Изучение фрагментарно сохранившегося языческого мировоззрения методами комплексного анализа разнообразных источников — дело необычайно сложное и вместе с тем необходимое.
Оно помогает вскрывать многие феномены не только древней и средневековой, но и современной культуры. Не останавливаясь на этой интересной и мало еще изученной теме, перейдем к тому противоборству язычества и христианства, которое потрясало Русь со времен ее крещения и пронизало весь период существования древнерусской культуры, став одной из основных ее доминант.Христианство стало проникать на территорию, населенную восточнославянскими племенами, задолго до принятия его в качестве официальной религии Киевской державы. В исследовательской литературе существует несколько версий относительно крещения Руси и первоначального распространения христианства среди славянских племён. Византййские проповедники и торговцы, представители крестившихся ранее болгар, западные миссионеры вместе с носителями иных вероисповеданий проникали на Русь, знакомили восточнославянское население с основами исповедуемой ими веры98. Отжившая родоплеменная мифология вступала с ними в борьбу.
Обо всем этом колоритно повествуют древнейшие памятники письменности, и среди них видное место занимает «Повесть временных лет», которая имеет пространное название «Се повести времяньных лет, откуда есть пошла Руская земля, кто в Киеве нача первее княжити, и откуду Руская земля стала есть»99. Хотя летописный свод, известный под этим названием, сложился окончательно в начале XII в., вошедшие в его состав устные предания и письменные источники относятся к гораздо более раннему периоду, ко времени утверждения христианства на Руси.
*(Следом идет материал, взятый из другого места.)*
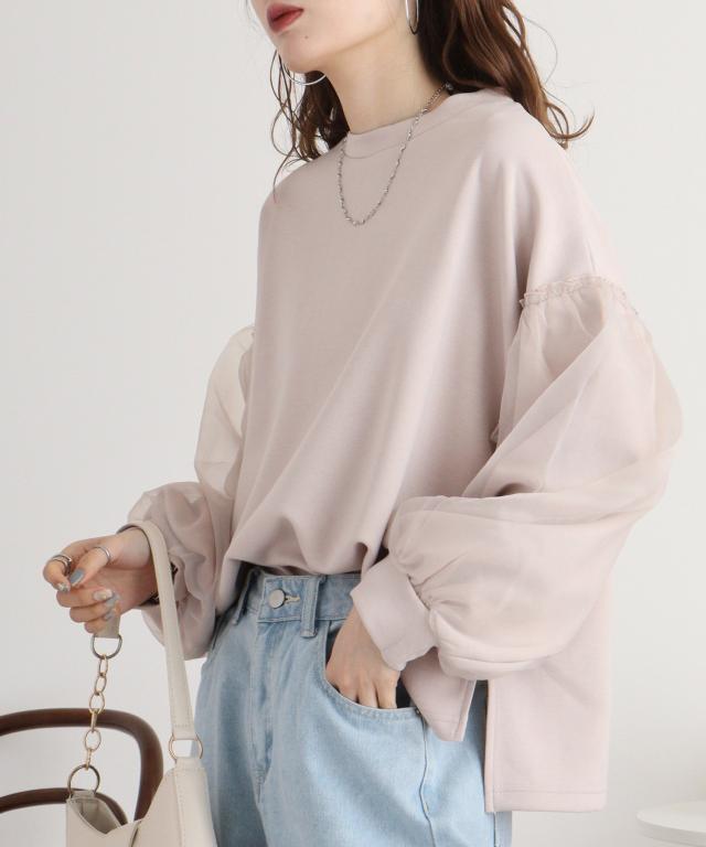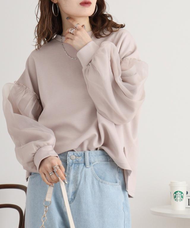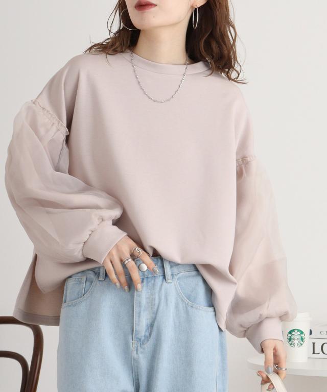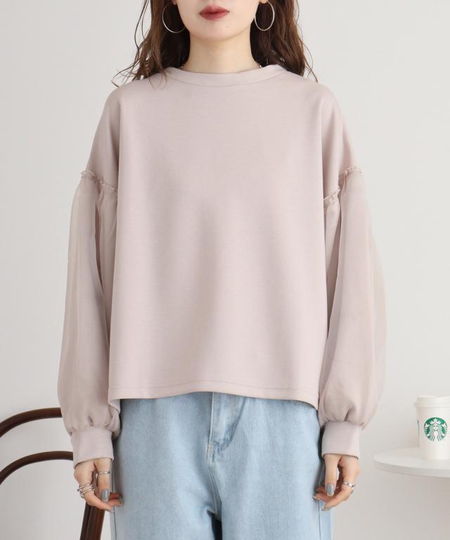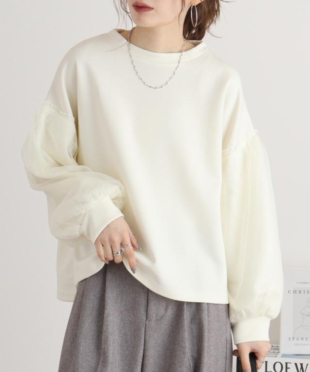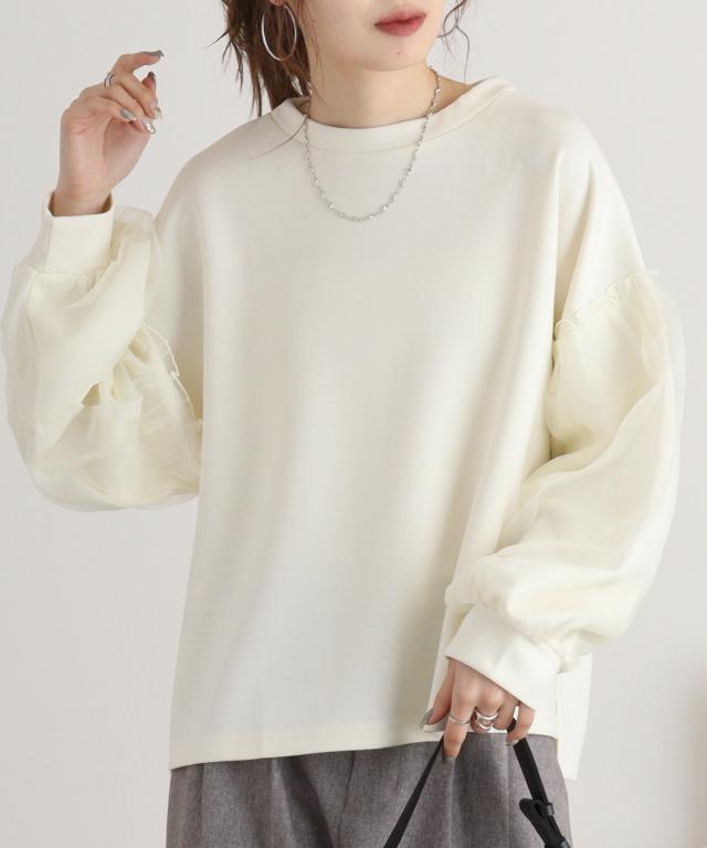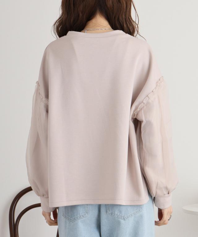 ダンボール袖ボリュームオーガンジープルオーバー

Текст летописи приводится по Лаврентьевскому списку 1377 г., хранящемуся ныне в ГПБ.
Как историческое сочинение, литературное творение и памятник древнерусского языка «Повесть временных лет» давно уже изучается специалистами разных профилей, но как философский источник она еще мало исследована. Рассмотрим по тексту первоисточника борьбу христианства и язычества именно в философском аспекте.
На первых же листах рукописи повествование о происхождении и жизни древних славян прерывается встав- кой о легендарном посещении киевских берегов Днепра апостолом Андреем, предвосхитившим будущее торжество православия: «Видите ли горы сия? — яко на сих горах восияеть благодать Божья; имать град велик быти и церкви многи Бог въздвигнути имать».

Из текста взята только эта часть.